POST /handle-form HTTP/2
Host: andrewlock.net
accept: text/html,*/*
upgrade-insecure-requests: 1
content-type: application/x-www-form-urlencoded
content-length: 50

Name=Andrew+Lock&DueDate=2024-08-01&IsCompleted=on

Note that the data is included in the body in "URL-encoded" format, so spaces are encoded as +, and the fields are concatenated using &. This is a pretty compact format for sending data, but it has some limitations. One of the most obvious missing features is the ability to submit a file using a form. To submit a file in the body of the request you'll need to switch to the multipart/form-data encoding instead.

You can switch to this format in an HTML form by specifying the enctype attribute, for example:

<!-- Encode the POST using multipart/form-data 👇 -->
<form action="/handle-form" method="POST" enctype="multipart/form-data">
  <input type="text" name="Name" />
  <input type="date" name="DueDate" />
  <input type="checkbox" name="IsCompleted" />
  <input type="file" name="myFile" /> <!-- 👈 Send a file too -->
  <input type="submit" />
</form>

This produces an HTTP request that looks something like this:

POST /handle-form HTTP/2
Host: andrewlock.net
accept: text/html,*/*
upgrade-insecure-requests: 1
content-type: multipart/form-data; boundary=----WebKitFormBoundaryYCxEzUfoh3oKUrnX
content-length: 3107

------WebKitFormBoundary8Vq2TDi66aYi2H5d
Content-Disposition: form-data; name="Name"

Andrew Lock
------WebKitFormBoundary8Vq2TDi66aYi2H5d
Content-Disposition: form-data; name="DueDate"

2024-08-01
------WebKitFormBoundary8Vq2TDi66aYi2H5d
Content-Disposition: form-data; name="IsCompleted"

on
------WebKitFormBoundary8Vq2TDi66aYi2H5d
Content-Disposition: form-data; name="myFile"; filename="some-file-to-send.json"
Content-Type: application/octet-stream

<binary data>

------WebKitFormBoundary8Vq2TDi66aYi2H5d--

This is obviously much more verbose than the simple application/x-www-form-urlencoded request but it's also much more flexible. There's a few important features to notice here:

  • Each "part" is separated by a boundary marker: ------WebKitFormBoundary8Vq2TDi66aYi2H5d. The boundary to be used is declared in the request content-type header.
  • Each "part" includes a Content-Disposition header, which has a type of form-data, and specifies the field name the part defines
  • Each "part" includes an optional Content-Type. If not specified text/plain is assumed, but this can be changed. For the file, you can see the file is submitted as a binary file (application/octet-stream).
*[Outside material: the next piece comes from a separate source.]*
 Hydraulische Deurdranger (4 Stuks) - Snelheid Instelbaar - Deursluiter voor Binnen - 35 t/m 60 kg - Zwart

For normal HTTP requests coming from HTML form submission, these two formats are pretty much exactly what you will encounter. But if the request is coming from app code, there's nothing stopping you sending other types of data in a multipart/form-data request…

Sending JSON and binary data as multipart/form-data

Let's say you want to send a request to a server. You need to include a whole load of binary data, and also some JSON metadata about the binary. How would you handle it?
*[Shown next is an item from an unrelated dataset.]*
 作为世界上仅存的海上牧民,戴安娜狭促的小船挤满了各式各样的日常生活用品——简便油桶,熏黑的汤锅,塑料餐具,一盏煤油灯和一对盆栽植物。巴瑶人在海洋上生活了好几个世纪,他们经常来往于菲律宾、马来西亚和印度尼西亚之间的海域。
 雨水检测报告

If the JSON data was small enough, perhaps you could encode it in the request headers, or in the querystring, and then send the binary in the request body. That approach might work, but there are various potential issues with this scheme. A simple reason not to do this is that headers and querystring values often end up in logs (which could potentially leak sensitive information). Additionally, these would place limits on the allowed size of the JON which could be a problem.
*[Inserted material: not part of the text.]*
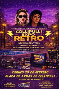 Collipulli se prepara para un viaje inolvidable al pasado. Este viernes 20 de febrero, desde las 11:30 horas, la Plaza de Armas será el epicentro de una jornada cultural y familiar que promete revivir la magia de los años 80 y 90 con la llegada de Expo Retro.

The approach we settled on in this case was to send a multipart/form-data request. This included the JSON data in one part, and the binary data in the other part, something like this:

--73dc24e0-b350-48f8-931e-eab338df00e1
Content-Type: application/json; charset=utf-8
Content-Disposition: form-data; name=myJson

{"Name":"Andrew","Type":"Engineer"}
--73dc24e0-b350-48f8-931e-eab338df00e1
Content-Type: application/octet-stream
Content-Disposition: form-data; name=binary

<binary data>
--73dc24e0-b350-48f8-931e-eab338df00e1--

Note how we have a content-type for both parts: the first part is application/json and the second part is our binary, application/octet-stream.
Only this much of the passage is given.